A questão do impacto ambiental não tem passado despercebida pelas empresas, especialmente nos últimos anos, quando o uso de plástico descartável foi alvo de campanhas e políticas públicas pelo país. O iFood, por exemplo, deixou de enviar talheres de plástico em seu delivery de marmitas Loop, passou a oferecer opções de embalagens sustentáveis aos restaurantes e investir em cooperativas de reciclagem como forma de compensar parte dos danos causados pelo plástico que utiliza.

A diretora de conteúdo da organização Menos 1 Lixo, Nina Marcucci, afirma, porém, que parte desse esforço foi esquecida durante a pandemia, já que questões aparentemente mais urgentes, como ajudar a sustentar os pequenos restaurantes, acabaram se sobrepondo à importância da sustentabilidade.

“Essa mudança pode fazer sentido imediatamente, mas o grande desafio é conseguirmos enxergar de forma sistêmica, porque isso vai ter graves consequências para o planeta nos próximos anos”, diz a diretora. Além do plástico, ela chama a atenção para o elevado uso de isopor — na verdade uma espuma também feita de plástico — no e-commerce. Segundo ela, apesar de possível, a reciclagem do material não costuma ser feita, pois seu baixo valor acaba não compensando a adoção do processo. Como funciona a exemplo de uma esponja, o isopor absorve várias toxinas e contamina animais que o ingerem, como algumas aves marinhas.
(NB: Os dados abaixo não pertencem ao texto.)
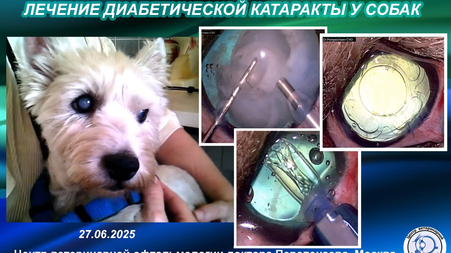 Вест-хайленд-уайт терьер, самка, возраст 7 лет поступила на прием с некомпенсированным сахарным диабетом, в очень плохом состоянии, полностью слепая по причине двусторонней диабетической катаракты. Осложняющими факторами являлось то, что собака была нестерилизована, кроме того, при УЗИ диагностике у нее была обнаружена опухоль селезенки... В течение трех месяцев собаке была подобрана инсулинотерапия, стабилизирован уровень сахара, проведена стерилизация вместе с удалением пораженной селезенки, и с интервалом три недели проведены две операции по удалению катаракты с имплантацией искусственных хрусталиков. В результате проведенного лечения собаке удалось полностью восстановить здоровье и вернуть нормальное зрение.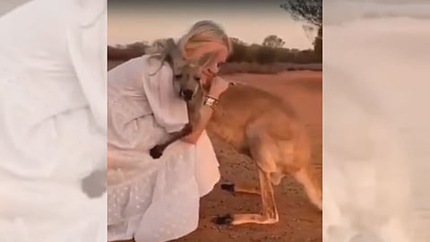ويظهر في الفيديو الذي جذب انتباه وتعاطف مغردين المرأة تحاول تهدئة الكنغر الذي كان يَئِنّ، وتبدو عليه ملامح الخوف والفزع من شدة النيران التي تهدد ملايين الأفراد والحيوانات.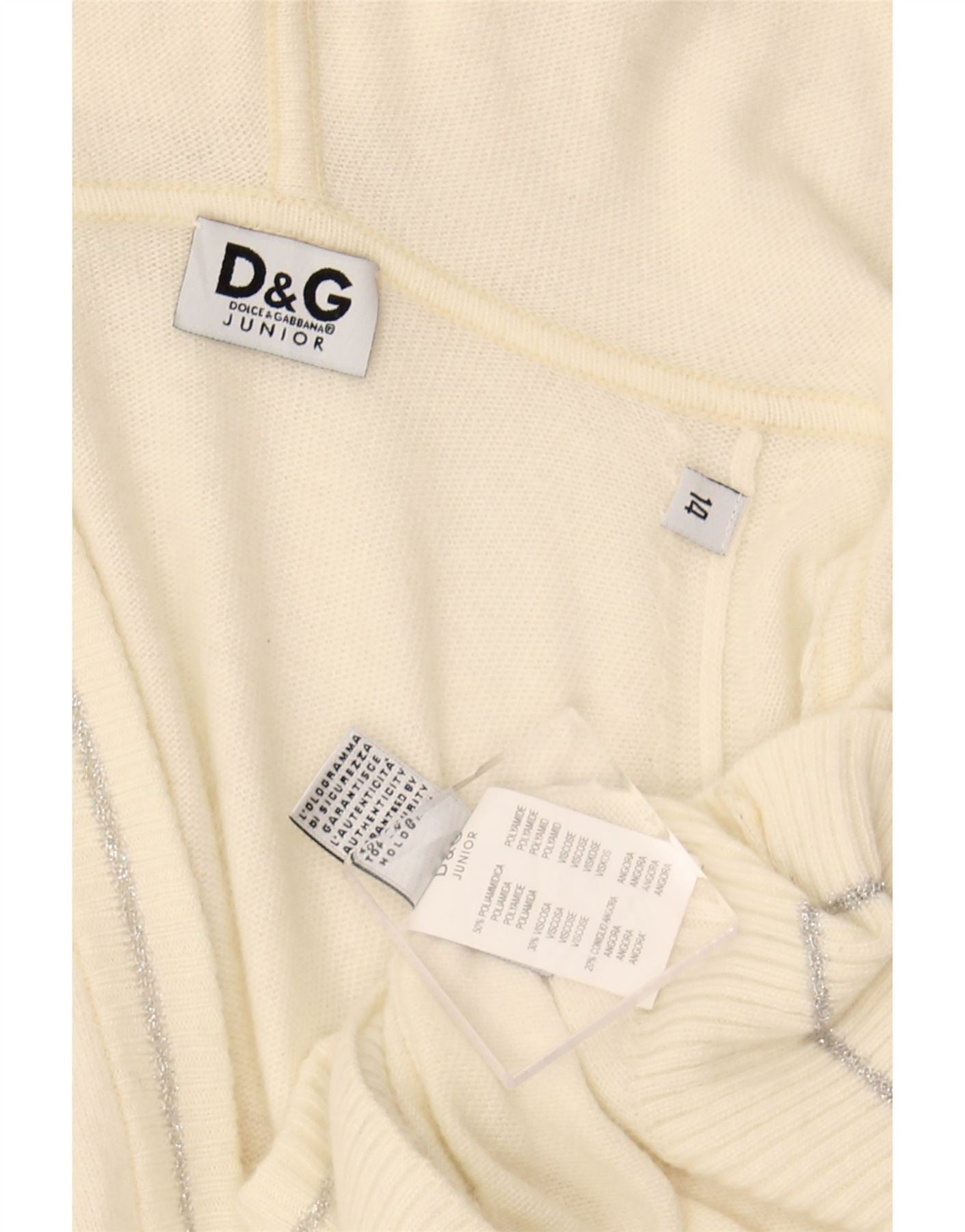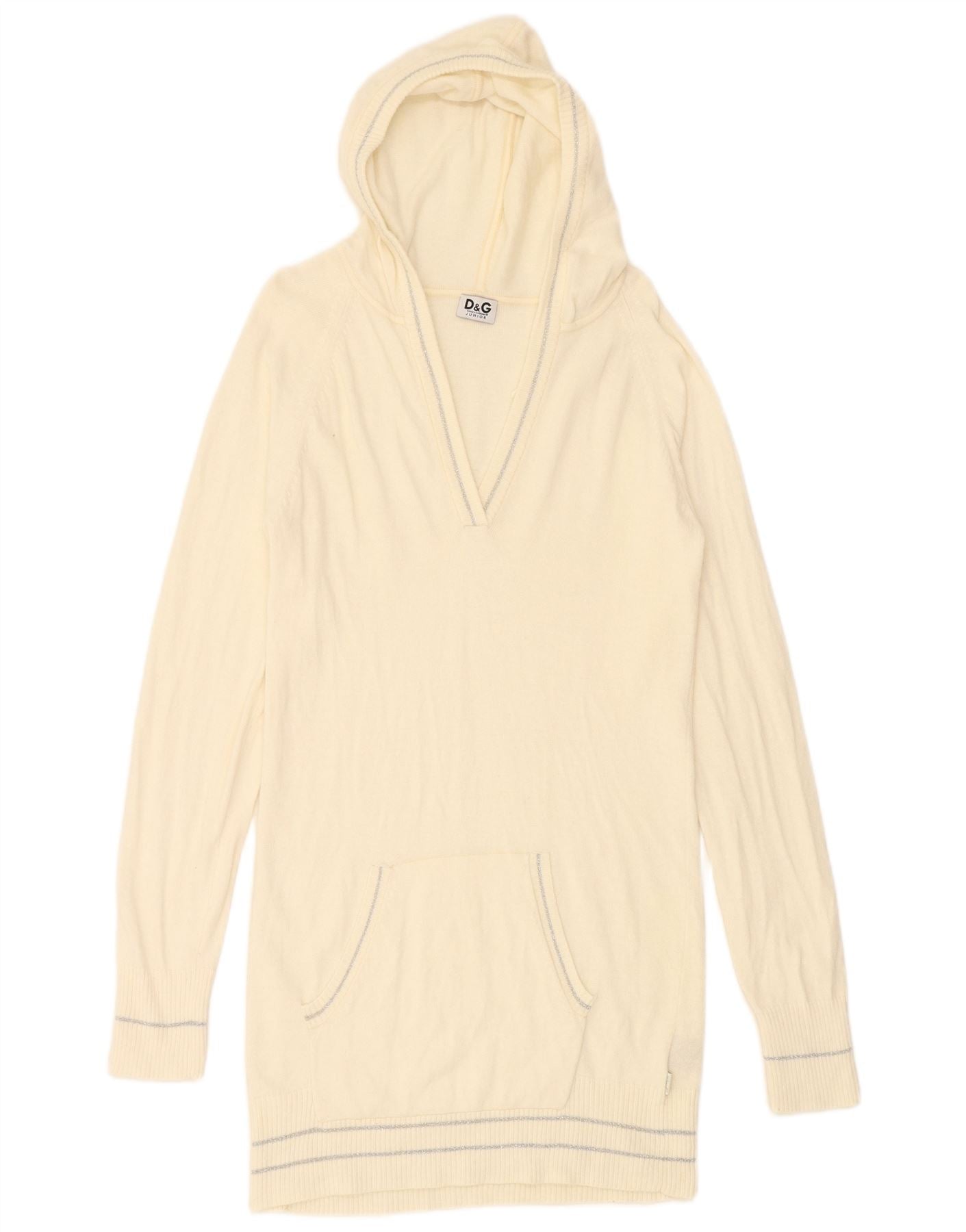 DOLCE & GABBANA Girls Hooded Jumper Dress 13-14 Years Off White Polyamide
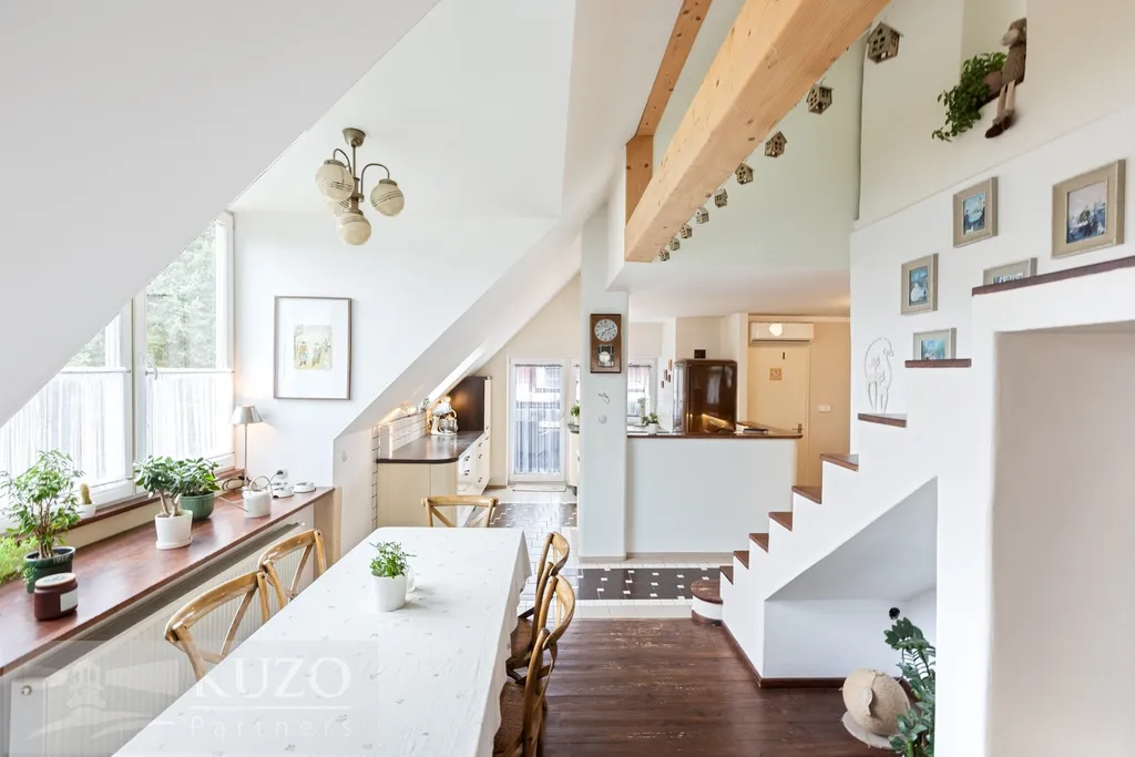 Z obývací části vedou schody do horního patra mezonetu, kde se nachází další dva pokoje a místnost s přípravou na druhou koupelnu s WC, což nabízí možnost dalšího komfortního rozšíření bydlení dle vlastních potřeb.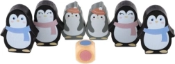Barvna kocka doda napetost in raznolikost – vrzite in postavite pravega pingvina, da platforma ostane v ravnotežju.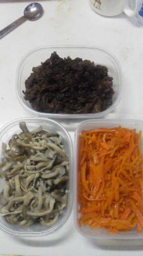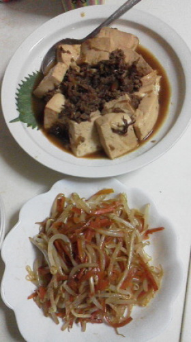ストックおかずの牛こまのしょうが焼きと豆腐1丁使って、パパッと肉豆腐が完成。次ににんじんのナムルを使って、もやしと炒め合わせると一品、炒め物が出来た。。。意外にストックおかずって便利かも。。今日はこれで職場に持っていくお弁当を作れたし、夕飯も早く作れて、嬉しいなあ。。「ご飯出来たよ~~」とキッチンから声をかけたら子ども達は「え?もう?」とビックリ。。「お腹空いた~~」の大合唱には勝てない私。。疲れててもパパッとご飯の支度が出来るから私のつよ~~い味方!!
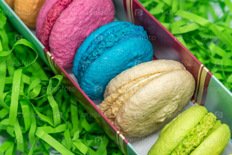 Французские нежные десертные миндальные печенья разных цветов на зеленых полосках бумаги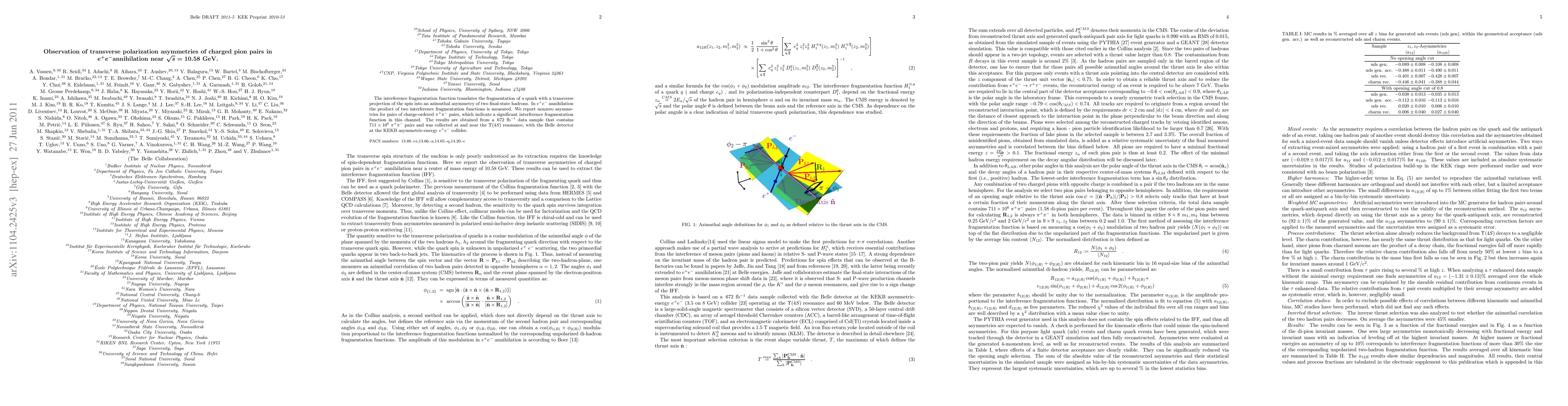 This study investigates transverse polarization asymmetries in charged pion pairs from e+e- annihilation near the ?(4S) resonance, revealing significant interference fragmentation functions. The Belle detector at KEKB collected data yielding 711 \times 10^6 pi+pi- pairs, confirming nonzero asymmetries indicative of substantial interference effects.

“Todo esse lixo vai parar nos oceanos, aterros ou em lixões a céu aberto, intoxicando animais, o solo e os próprios seres humanos. E não vamos viver para ver se esse plástico vai realmente se decompor daqui a 400 anos.”

Geralmente colocado como principal barreira para a mudança, o baixo custo do descartável não deveria atrapalhar a discussão, diz Nina. Para ela, não só as empresas, mas também os consumidores precisam fazer sua parte, passando a usar recipientes e talheres próprios e pedindo alternativas de embalagens biodegradáveis ou até de plásticos reutilizáveis — apesar, segundo ela, de não ser o ideal. “Não é o melhor dos mundos, mas ainda assim preferível ao descartável.”

O pote de plástico

Ao se mudar da cidade de São Carlos, no interior do estado de São Paulo, para trabalhar na capital, a engenheira de produção Julia Berlingeri, 27, percebeu que não teria tempo suficiente para cozinhar. Ela, que antes morava com a avó e quase nunca pedia comida, se tornou uma usuária constante do delivery. “É uma rotina muito diferente. Gasta-se muito tempo no deslocamento, e nem todo mundo consegue fazer as próprias refeições.”

A engenheira começou a se sentir culpada por descartar as embalagens e bolou um novo esquema menos prejudicial para o ambiente. “Peguei copos e potes reutilizáveis e comecei a passar no restaurante para levar a comida neles.” O problema é que ela nem sempre tinha tempo de parar no caminho para casa. Então pensou em deixar uma pilha de potes em seu nome, que seriam enviados pelo restaurante sempre que pedisse delivery e depois devolvidos por ela.

O problema é que, além de aplacar sua consciência culpada, o método não faria grande diferença para o todo. “Não mudaria absolutamente nada na quantidade de lixo produzida em São Paulo. Foi aí que surgiu a ideia: e se eu começasse a deixar potes em restaurantes não só para mim, mas para quem mais quisesse usar?”

Essa é a premissa da Re.pote, iniciativa que Júlia fundou em 2020 ao lado da amiga e publicitária Ana Beatriz. Com o auxílio da empresa júnior da Poli-USP, que ajudou a desenvolver o projeto, elas querem oferecer recipientes de plástico reutilizável como alternativa aos restaurantes da cidade. Assim, o usuário tem a opção de ficar com o pote ou devolvê-lo. Nesse caso, a Re.pote fica responsável por coletá-los, higienizá-los e entregá-los de volta aos estabelecimentos, que pagam à empresa pelo serviço.

Hoje, o projeto está em fase inicial e funciona apenas no restaurante Banana Verde, na Vila Madalena, zona oeste de São Paulo. Mas a ideia para 2021 é buscar novas parcerias e ampliar o funcionamento. “Existe uma ânsia dos clientes e dos próprios restaurantes por alternativas sustentáveis. Alguns têm inclusive nos procurado para saber mais sobre o projeto”, conta.

“Estamos viciados em pensar em iniciativas individuais, só que essa luta não pode ser uma jornada do herói, tem que ser coletiva”, declara Julia. “Nós nos colocamos como uma ferramenta para que mais pessoas possam fazer sua parte por um mundo mais limpo.”